Why this approach works

Large models (tens to hundreds of billions of parameters) require large memory and specialized hardware. Smaller models (2B–7B) combined with quantization (4-bit or 8-bit) and device mapping permit reasonable latency and task utility on 6–8 GB GPUs. The underlying scientific principles are:

  • Model scaling law tradeoffs: smaller models have less representational capacity but are still effective for many tasks when used with retrieval or fine-tuned heads.
  • Quantization: reduces the memory footprint by representing weights with fewer bits; well-tested quantization schemes preserve enough numeric fidelity for many inference tasks.
  • Device mapping + offloading: strategically placing tensors on GPU vs CPU extends effective usable model size.

Prerequisites

RequirementMinimum
GPUNVIDIA 6–8 GB (e.g., RTX 3060 6GB)
OSUbuntu 20.04 / 22.04 or similar
Disk~10–20 GB free (model weights & cache)
Python3.10–3.11
Driver / CUDAMatching NVIDIA driver and CUDA toolkit (check nvidia-smi)

High-level steps

  1. Verify GPU & system tooling.
  2. Create an isolated Python environment.
  3. Install a minimal inference stack (PyTorch, Transformers, accelerate, bitsandbytes).
  4. Choose a compact model (2B–7B) and use a 4-bit/8-bit quantized load path.
  5. Run a basic inference; measure latency and token throughput.

Step A — Quick checks (run in terminal)

# Check GPU presence and driver
nvidia-smi

# Check Python
python3 --version

# Make sure you have pip
pip3 --version
Note: If nvidia-smi is missing, the system either lacks NVIDIA drivers or the GPU is not recognized.
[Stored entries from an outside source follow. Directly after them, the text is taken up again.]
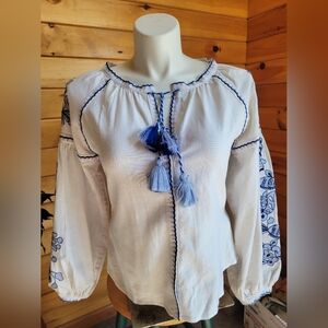 March 11 Amazing Embroidered 100% Linen Blouse Size Small
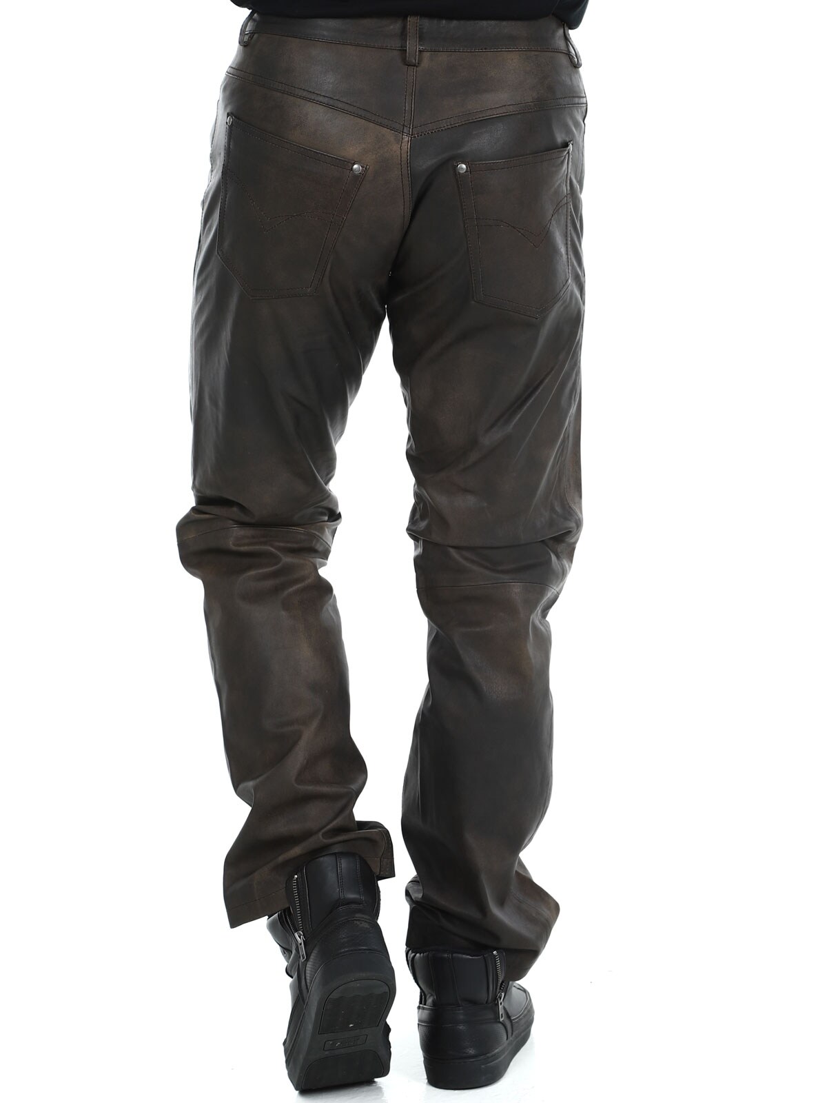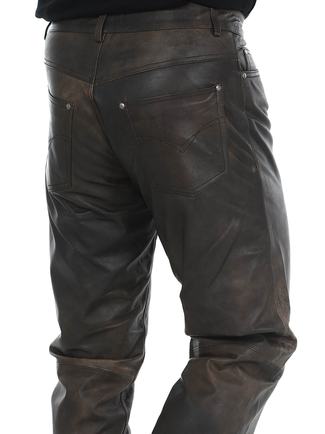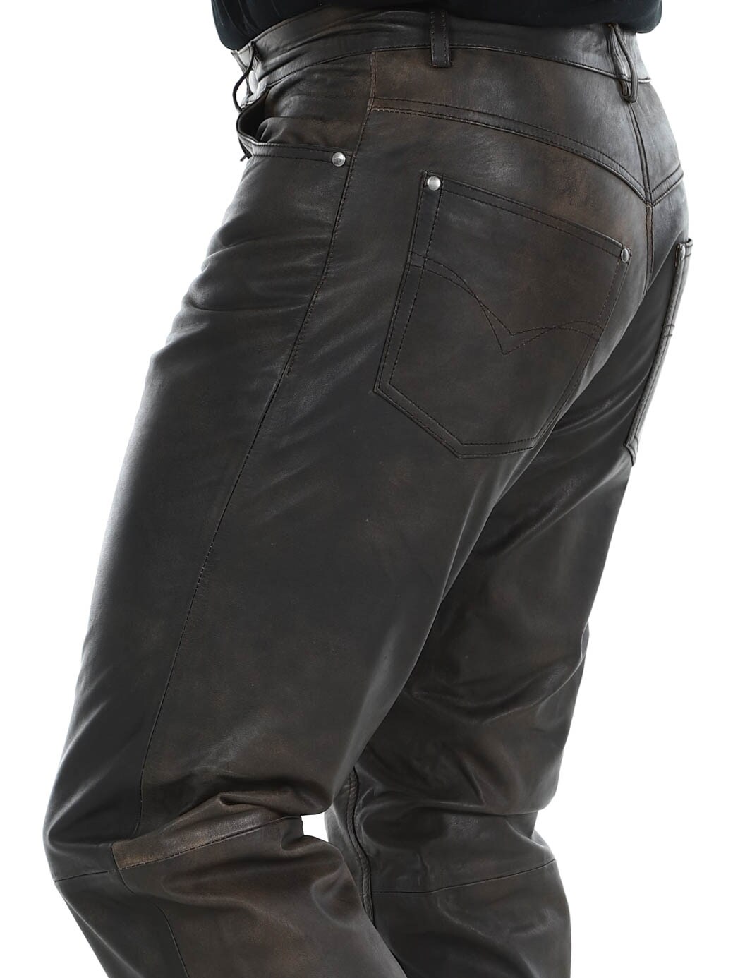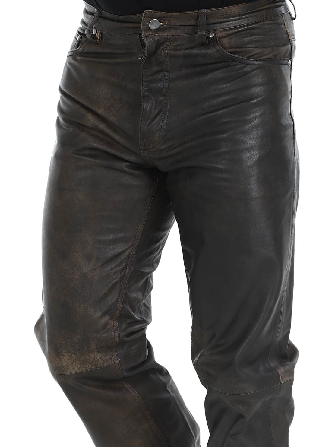 Bruna byxor i äkta läder med klassisk 5-ficks design. Tillverkad i mjukt läder med insida i polyester som gör att dem sitter bekvämt på kroppen. Vill du ha en skön byxa med attityd så har du hittat rätt!
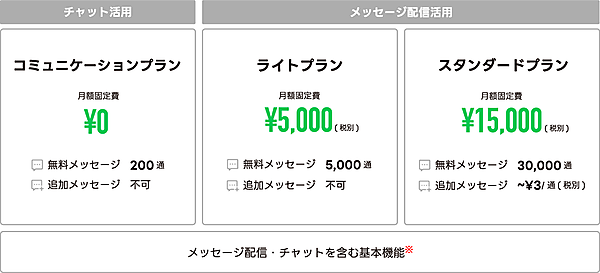 「Yahoo! JAPAN」やコード払い「PayPay」などZHDグループ各社のサービスとの連携を通したユーザー接点の強化▽業種特化型パッケージプランの提供--にも取り組む。現行の「ライトプラン」(月額固定費5000円)、「スタンダードプラン」(同1万5000円)=いずれも税別=は、名称と月額固定費はそのまま。ライトは無料配信メッセージ数が月1万5000通から5000通に、スタンダードは同4万5000通が3万通になる。
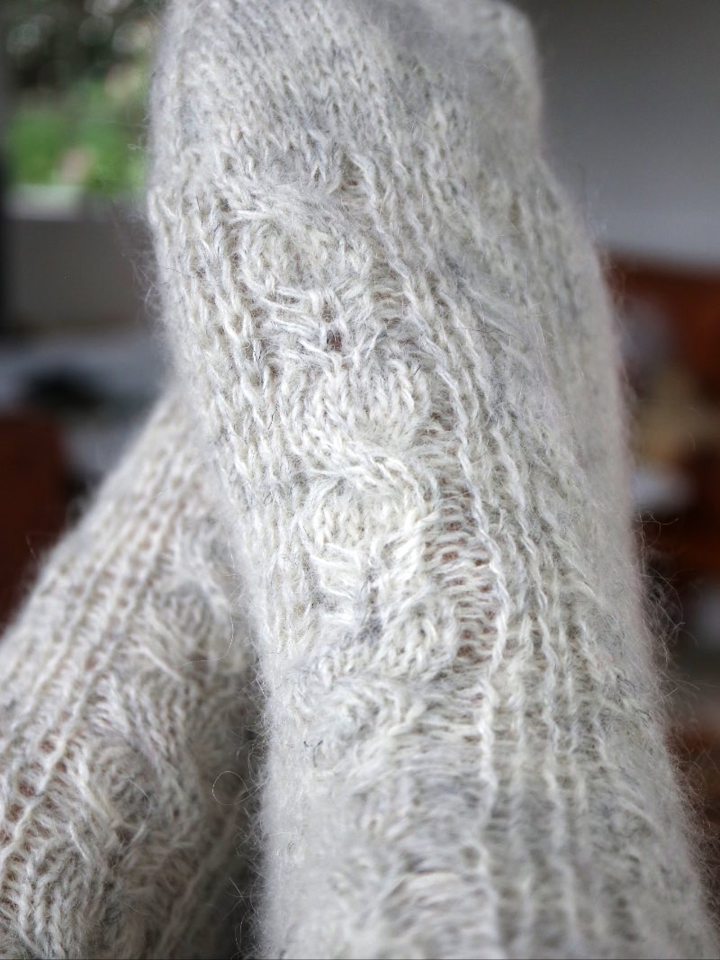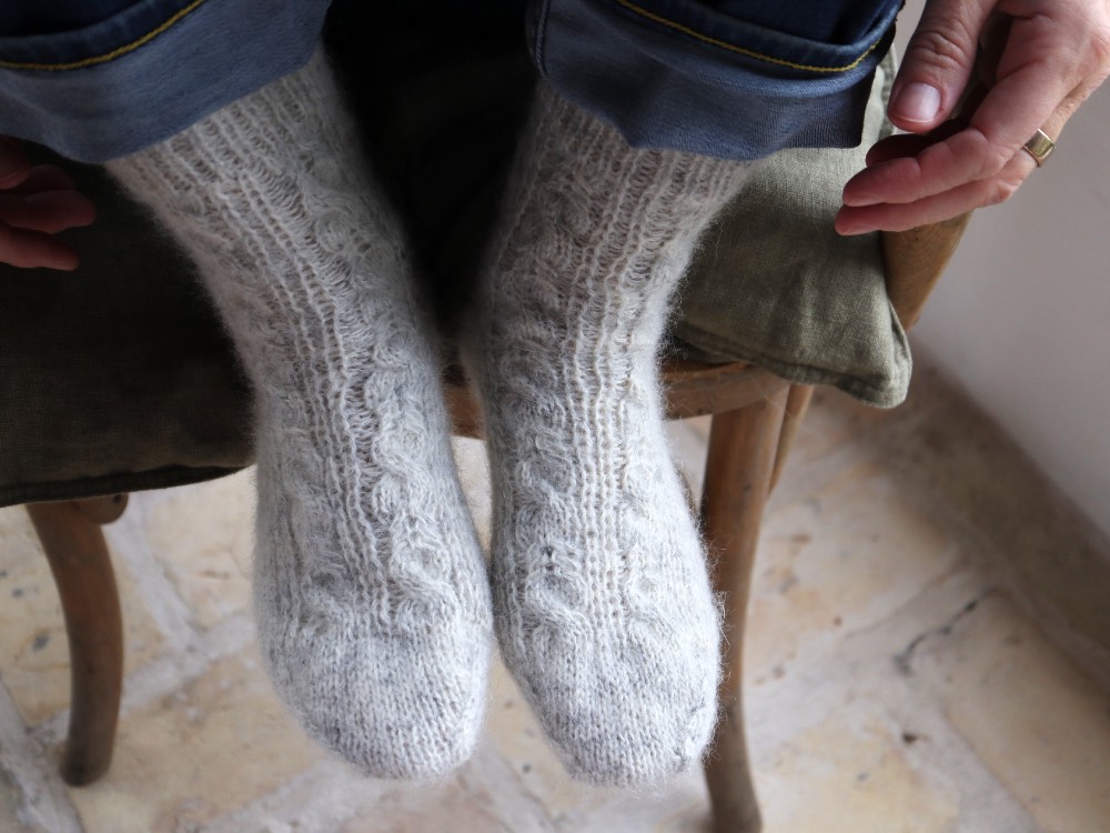 The socks are knitted from the cuff down with an Italian cast-on for an elastic start, followed by ribbing that flows into the striking combination of slip stitches and cables. The heel is shaped using short rows, ensuring a snug and comfortable fit. The foot continues in a mix of stockinette and pattern, and the toe is completed with decreases and grafted with the Kitchener stitch for a neat finish.
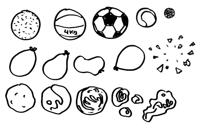 • Bola de plastilina: irregular, dúctil, fácilmente mezclable (no así el deshacer la mezcla), propicia para jugar e imaginar.
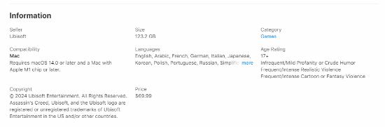 苹果AppStore商店列出了《刺客信条:影》的容量大小,Mac版为123.2G,玩家可使用macOS 14.0或更高版本且配Apple M1芯片或以上的游玩本作。
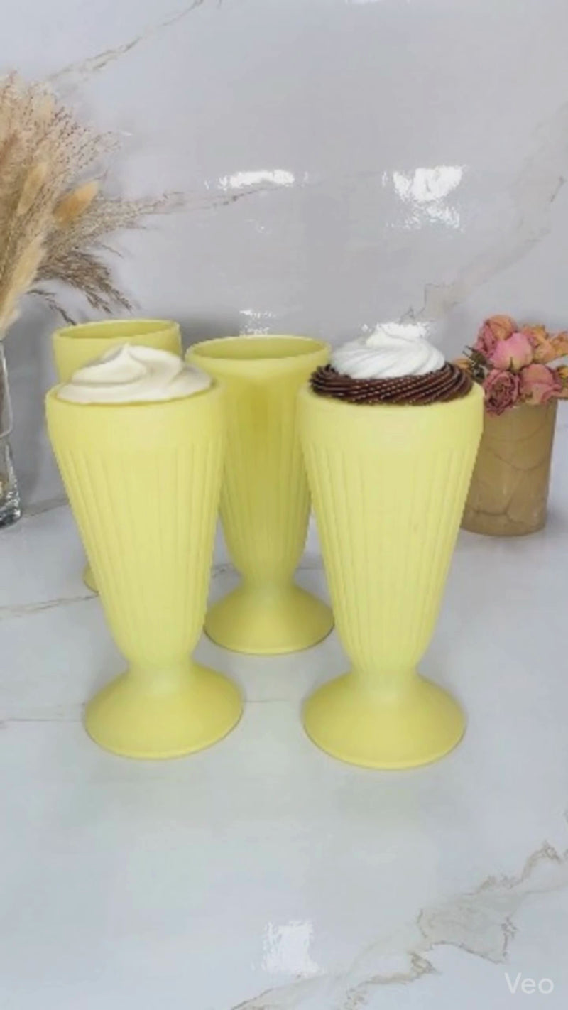 Set de 4 copas malteada Butter Yellow TOY fabricadas en vidrio de alta calidad con acabado amarillo suave. Su diseño retro simula plástico, pero ofrece la resistencia y brillo del vidrio. Ideales para malteadas, postres y bebidas frías en restaurantes, reuniones con amigos o uso diario. Estilo vintage, moderno y decorativo.
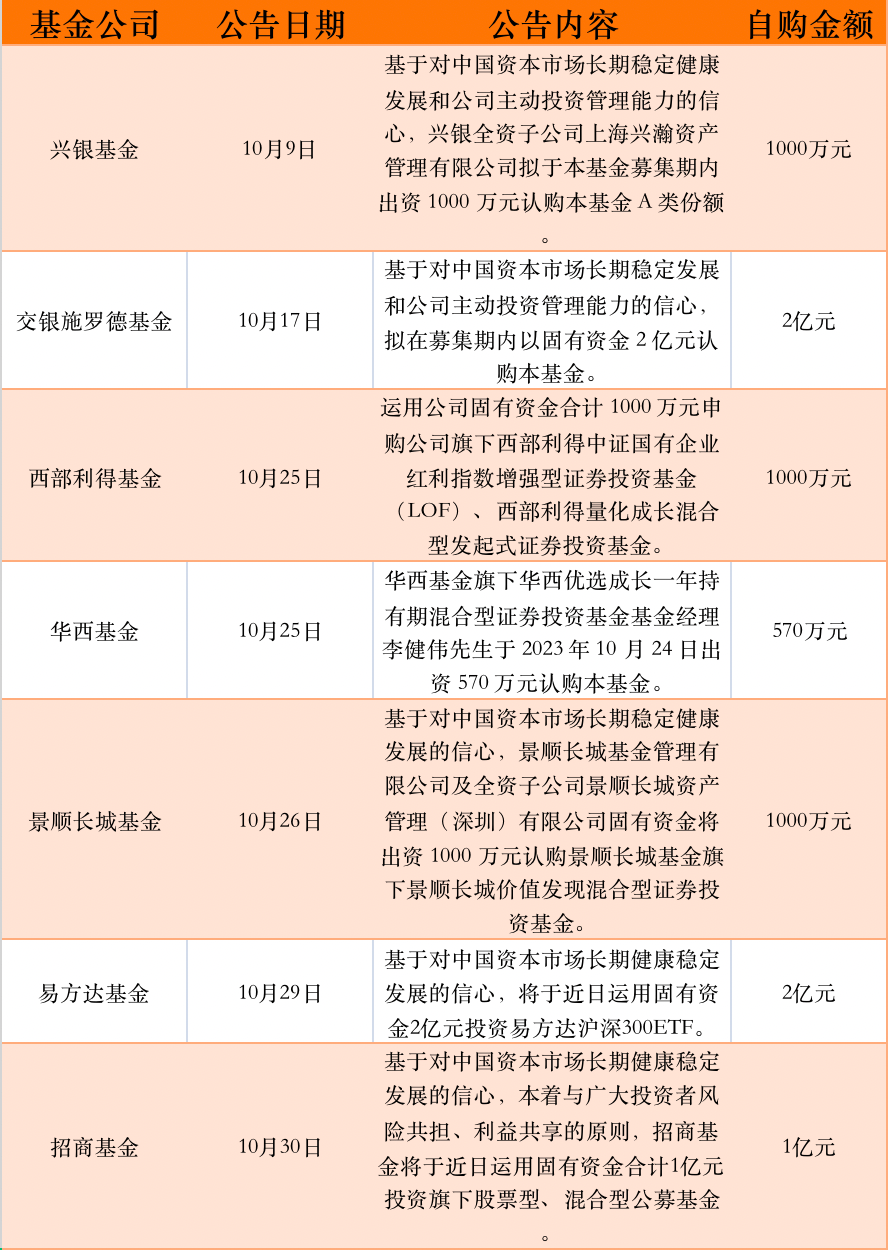 据澎湃新闻记者不完全统计,10月份以来,已有交银施罗德基金、西部利得基金、景顺长城基金等多家基金公司宣布自购,月内自购金额达5.36亿元。

Resolve drivers first; inference on GPU requires drivers and CUDA-compatible PyTorch.

Step B — Automated setup script

Use the following script to create a venv and install a minimal set of packages for GPU inference. Copy-paste the block below into your Ubuntu terminal to create a file setup_llm.sh, make it executable, and run it.

cat <<'Eof' setup_llm.sh
#!/usr/bin/env bash
set -euo pipefail
PYVER=3.10
VENV_DIR=llm-venv

echo "Creating Python virtual environment in ./${VENV_DIR} (Python ${PYVER})"
python3 -m venv ${VENV_DIR}
source ${VENV_DIR}/bin/activate

echo "Upgrading pip and installing core packages"
pip install --upgrade pip setuptools wheel

# Install commonly used inference libraries.
# NOTE: If your CUDA/PyTorch setup requires a specific torch wheel, install that separately.
pip install "transformers>=4.35.0" accelerate bitsandbytes safetensors sentencepiece

# Install PyTorch - user may want a CUDA specific wheel.
# This attempts to install a recent stable torch; if you need CUDA-specific wheel,
# replace this line with the official command from PyTorch's website for your CUDA version.
pip install "torch>=2.1.0"

echo "Setup complete. Activate with: source ${VENV_DIR}/bin/activate"
Eof

If your system needs a CUDA-specific PyTorch binary, replace the pip torch install with the official wheel command from your PyTorch provider (the script above installs a generic wheel which may be CPU-only on some systems).

Step C — Minimal inference script (4-bit / 8-bit load path)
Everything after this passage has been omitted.